## Task item
Could you reproduce, from the records below, everything from the line with "Raman band (1000" down to the line with "Dave & Johnny", keeping both of those lines and changing nothing?

## Supplied records
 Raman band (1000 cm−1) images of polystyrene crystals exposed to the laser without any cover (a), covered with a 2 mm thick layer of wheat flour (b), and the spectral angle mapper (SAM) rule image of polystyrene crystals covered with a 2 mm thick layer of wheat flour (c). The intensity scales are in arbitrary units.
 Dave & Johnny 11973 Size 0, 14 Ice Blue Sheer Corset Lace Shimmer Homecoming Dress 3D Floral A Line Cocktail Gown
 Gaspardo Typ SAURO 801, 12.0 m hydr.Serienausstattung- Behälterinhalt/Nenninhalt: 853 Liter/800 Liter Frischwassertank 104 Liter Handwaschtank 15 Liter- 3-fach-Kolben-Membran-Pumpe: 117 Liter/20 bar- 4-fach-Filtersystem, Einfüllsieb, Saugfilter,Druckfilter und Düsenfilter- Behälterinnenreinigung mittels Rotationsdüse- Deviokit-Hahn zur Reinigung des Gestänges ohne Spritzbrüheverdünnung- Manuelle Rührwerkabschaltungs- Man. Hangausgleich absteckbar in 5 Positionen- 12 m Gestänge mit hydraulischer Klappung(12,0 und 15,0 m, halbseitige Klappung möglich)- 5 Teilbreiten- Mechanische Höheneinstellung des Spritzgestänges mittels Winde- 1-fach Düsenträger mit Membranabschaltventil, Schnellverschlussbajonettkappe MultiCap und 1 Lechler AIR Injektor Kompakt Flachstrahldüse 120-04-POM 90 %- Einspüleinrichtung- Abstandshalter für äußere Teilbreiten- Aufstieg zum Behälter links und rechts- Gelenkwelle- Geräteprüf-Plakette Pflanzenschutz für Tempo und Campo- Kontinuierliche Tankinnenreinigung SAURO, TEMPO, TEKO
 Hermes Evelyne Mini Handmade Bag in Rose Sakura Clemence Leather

...

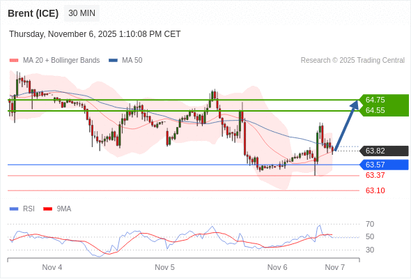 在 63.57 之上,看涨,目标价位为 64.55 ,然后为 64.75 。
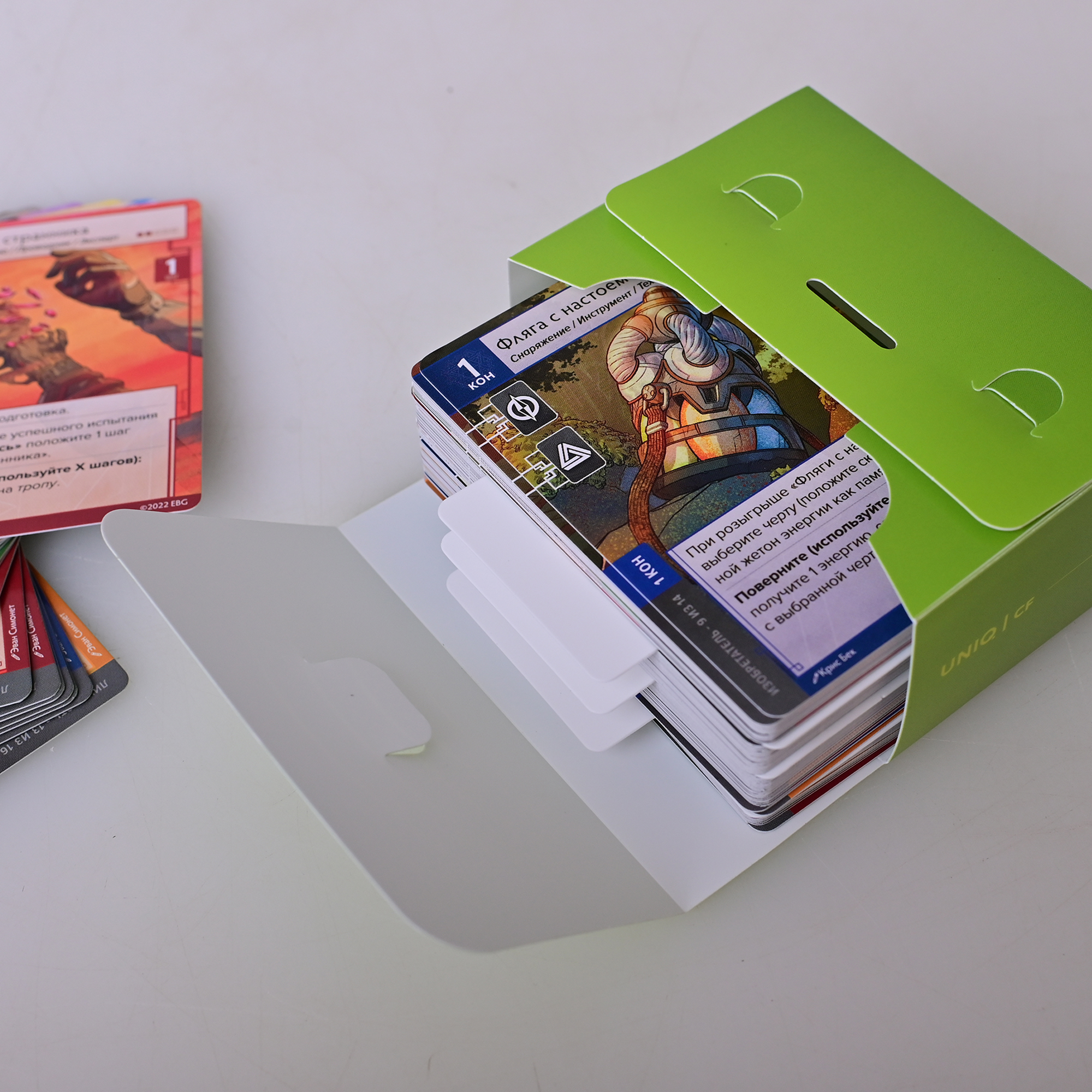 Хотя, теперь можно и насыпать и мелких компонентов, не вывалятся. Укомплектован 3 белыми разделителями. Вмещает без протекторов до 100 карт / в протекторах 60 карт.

## Answer below
 Raman band (1000 cm−1) images of polystyrene crystals exposed to the laser without any cover (a), covered with a 2 mm thick layer of wheat flour (b), and the spectral angle mapper (SAM) rule image of polystyrene crystals covered with a 2 mm thick layer of wheat flour (c). The intensity scales are in arbitrary units.
 Dave & Johnny 11973 Size 0, 14 Ice Blue Sheer Corset Lace Shimmer Homecoming Dress 3D Floral A Line Cocktail Gown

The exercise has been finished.